Take the line containing "Details • 925" and each line after it through the end of the data below, and return them exactly, minus any pictures.

DATA SEGMENT>
##############################
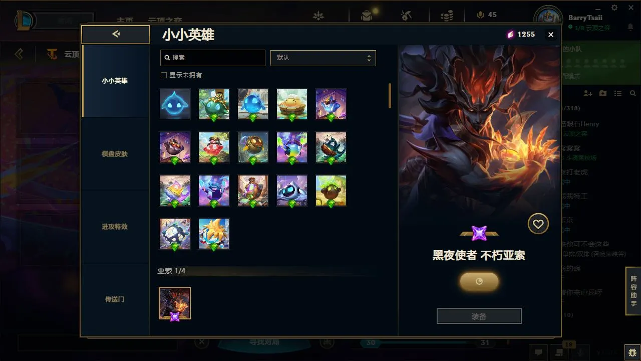 艾欧尼亚 流光翡翠段位🍒全球总决赛限定T1小小奥丽安娜 黑夜使者不朽亚索 峡谷600张原皮
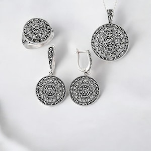 Details • 925 Sterling Silver • White Cubic Zirconia Stones • Rhodium Plated • Necklace & Earrings Set • Chain Length: 45 cm • Handmade Jewelry • Weight: approx. 12.00 g • Weight may vary ±10%
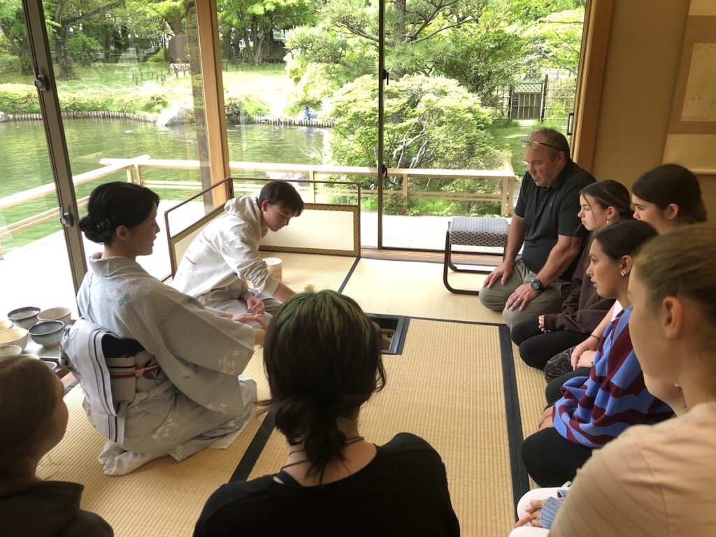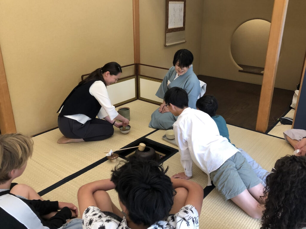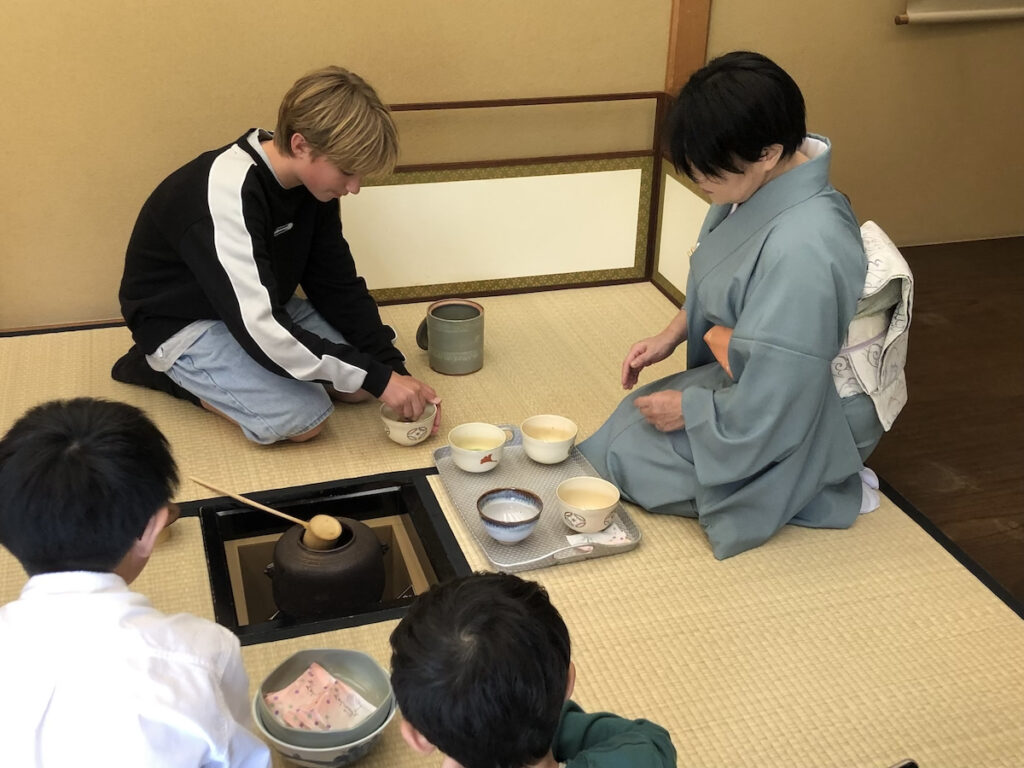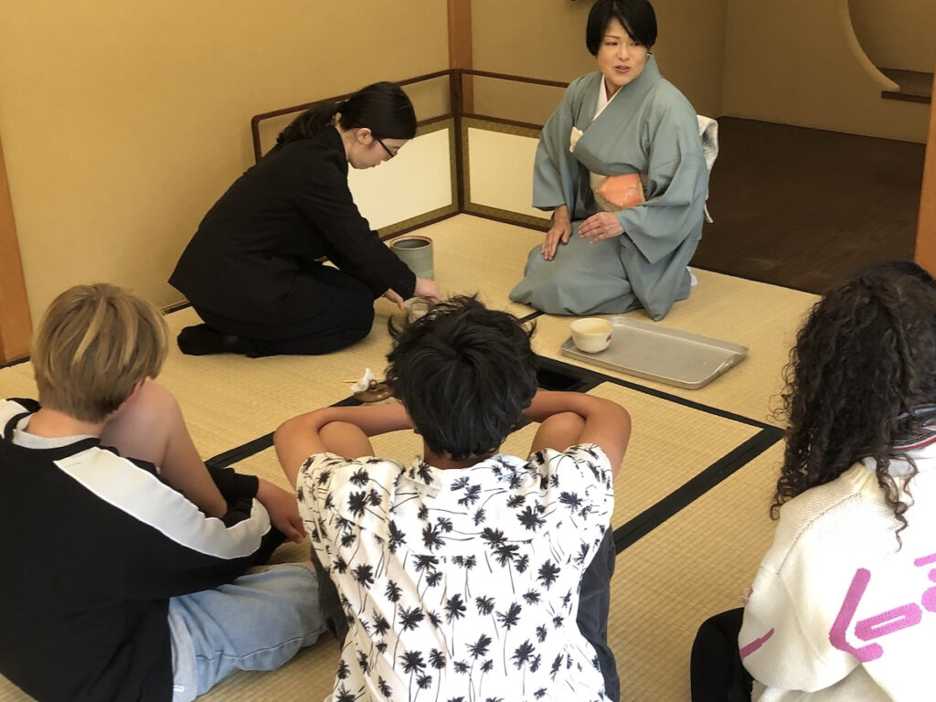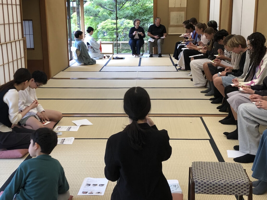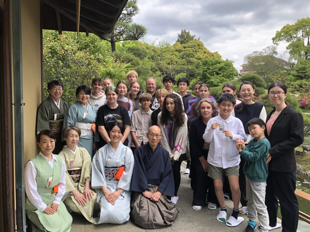 2026年4月25日、源心庵で、ニュージーランドからの高校生と先生16名、子ども会から4名、ことぶき会から1名の計24名で交流茶会が開催されました。
##############################
COMPLETED EXERCISE>
 Details • 925 Sterling Silver • White Cubic Zirconia Stones • Rhodium Plated • Necklace & Earrings Set • Chain Length: 45 cm • Handmade Jewelry • Weight: approx. 12.00 g • Weight may vary ±10%
 2026年4月25日、源心庵で、ニュージーランドからの高校生と先生16名、子ども会から4名、ことぶき会から1名の計24名で交流茶会が開催されました。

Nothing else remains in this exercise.